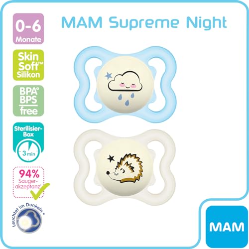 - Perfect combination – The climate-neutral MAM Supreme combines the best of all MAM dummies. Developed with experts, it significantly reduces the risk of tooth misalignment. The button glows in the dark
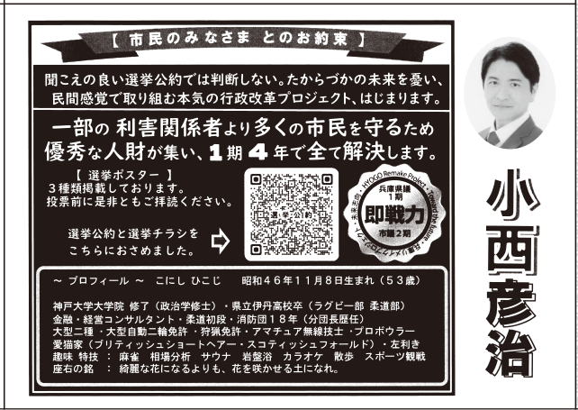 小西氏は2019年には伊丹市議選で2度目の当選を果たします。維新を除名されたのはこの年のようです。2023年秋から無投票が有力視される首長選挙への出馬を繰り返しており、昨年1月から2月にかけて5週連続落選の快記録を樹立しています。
==
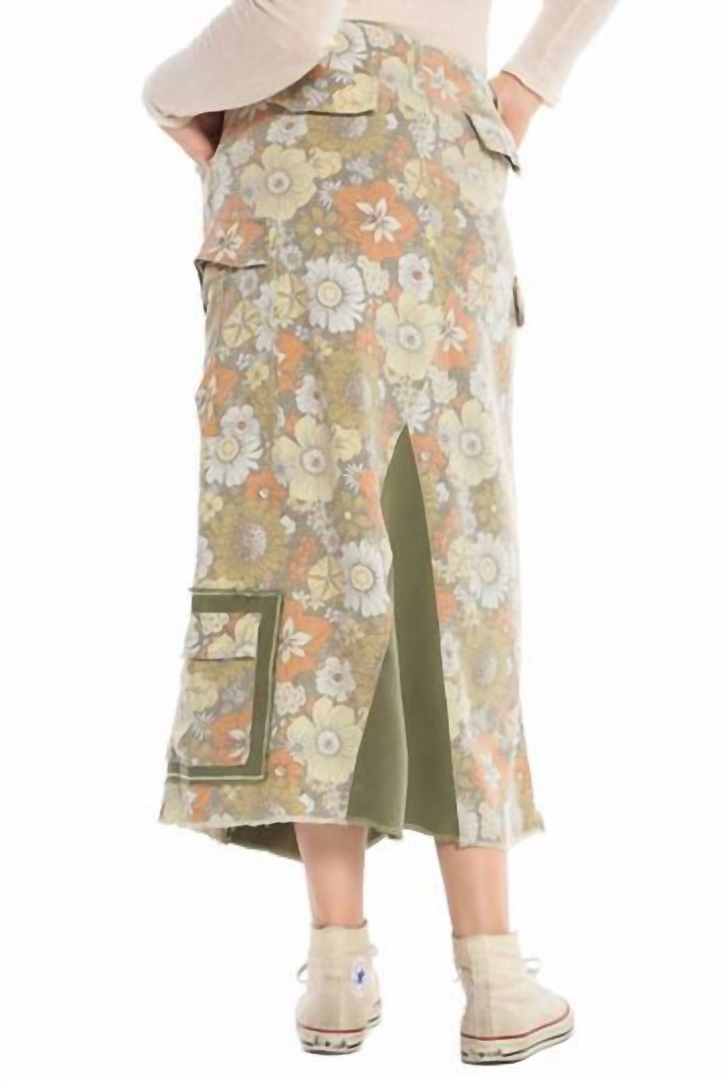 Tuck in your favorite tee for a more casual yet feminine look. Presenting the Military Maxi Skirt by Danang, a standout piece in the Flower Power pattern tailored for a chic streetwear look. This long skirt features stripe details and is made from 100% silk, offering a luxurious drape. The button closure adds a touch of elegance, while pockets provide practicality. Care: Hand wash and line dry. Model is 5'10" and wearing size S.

▶ PROBLEM TO WORK ON
Both the line above containing "- Perfect combination" and the line containing "小西氏は2019年には伊丹市" belong in the copy, along with every line between them; print these exactly and omit the pictures.

▶ RESPONSE AREA
 - Perfect combination – The climate-neutral MAM Supreme combines the best of all MAM dummies. Developed with experts, it significantly reduces the risk of tooth misalignment. The button glows in the dark
 小西氏は2019年には伊丹市議選で2度目の当選を果たします。維新を除名されたのはこの年のようです。2023年秋から無投票が有力視される首長選挙への出馬を繰り返しており、昨年1月から2月にかけて5週連続落選の快記録を樹立しています。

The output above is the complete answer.